Electrician catches python at customer's house - but it's not all good news

A Far North Queensland family had mixed emotions after a local electrician successfully managed to remove a python from underneath their house.

Brydie Maro wasn't exactly a novice at dealing with wild creatures - she had spent 15 years as a wildlife handler prior to becoming an electrician - but even she was shocked by the size of the scrub python found under the Mossman house on Monday.

Weighing in at eight kilograms, the snake appeared to have an unusually large lump in its mid-section.

Brydie Maro pulls the snake out from under a Mossman house. Source: Facebook/Brydie Maro
Brydie Maro pulls the snake out from under a Mossman house. Source: Facebook/Brydie Maro

"It's a big snake, we've got to be pretty careful with this one," Ms Maro can be heard saying in a video posted to her Facebook page.

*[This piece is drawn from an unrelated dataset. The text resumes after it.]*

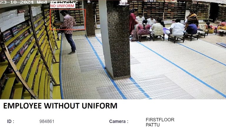 At a prominent fashion outlet, maintaining operational discipline and ensuring the in-charge followed protocols were critical to smooth operations. The AI system regularly flagged instances where the in-charge was not wearing their ID card or uniform, allowing for immediate correction to maintain professionalism and customer-facing standards. Furthermore, the system raised alerts when the in-charge was unavailable during crucial moments like handing over cash to the banker. By automating these checks, the store not only improved operational efficiency but also enhanced accountability, resulting in fewer errors, better compliance, and a more trustworthy shopping environment for customers.

"I am going to have to put this thing in my toolbox I think, I don't think I have a bag big enough."

It wasn't even the first time she'd removed a snake from this particular house, Ms Maro told Yahoo 7.

"I've done a lot of electrical work for this couple over the last four or five years and I've gotten to know the customer quite well," she said.

"I have removed snakes from the property in the past. There were two green tree snakes residing in the meter board at one stage. The meter reader guy had come out and said, 'nope, I'm not touching it.'"

In the video of her latest capture, Ms Maro can be seem calmly and casually crawling under the house, capturing the snake, bringing out and handling it with ease, then walking it to her car, where she proceeds to lock it into her toolbox to re-home in nearby bushland.

"My god Brydie, keep this up and you'll have your own TV show," one person wrote underneath the Facebook video.

"No way, that’s insane bravery Brydie. My skin is still crawling," wrote another.

The snake was a female scrub python. Source: Facebook/Brydie Maro
The snake was a female scrub python. Source: Facebook/Brydie Maro

"I do think snakes pick up if people are nervous," Ms Maro told Yahoo 7.

"It's always a good idea to go in behind the head, behind the jawbone, and if you just lock in your fingers there, they can't turn on you. They can whip their tail around, do what they want, but they can't bite."

While the residents were undoubtedly happy to have the snake removed from their property, it came at a sad cost.

The giant lump in the snake's mid-section was the family's cat, which the snake had eaten before being caught.

Brydie slings the snake over her shoulder and takes it to her car. Source: Facebook/Brydie Maro
Brydie slings the snake over her shoulder and takes it to her car. Source: Facebook/Brydie Maro

Ms Maro said the cat had most likely been consumed about two hours before she caught it.

"Snakes' internal organs are not like ours, it's like a long tube that goes straight down," Ms Maro told Yahoo 7.

"They can take in anything up to a maximum of three times their own body weight.

"The way the skull is structured, they can dislocate their own jaw. It's a pretty horrible way to go."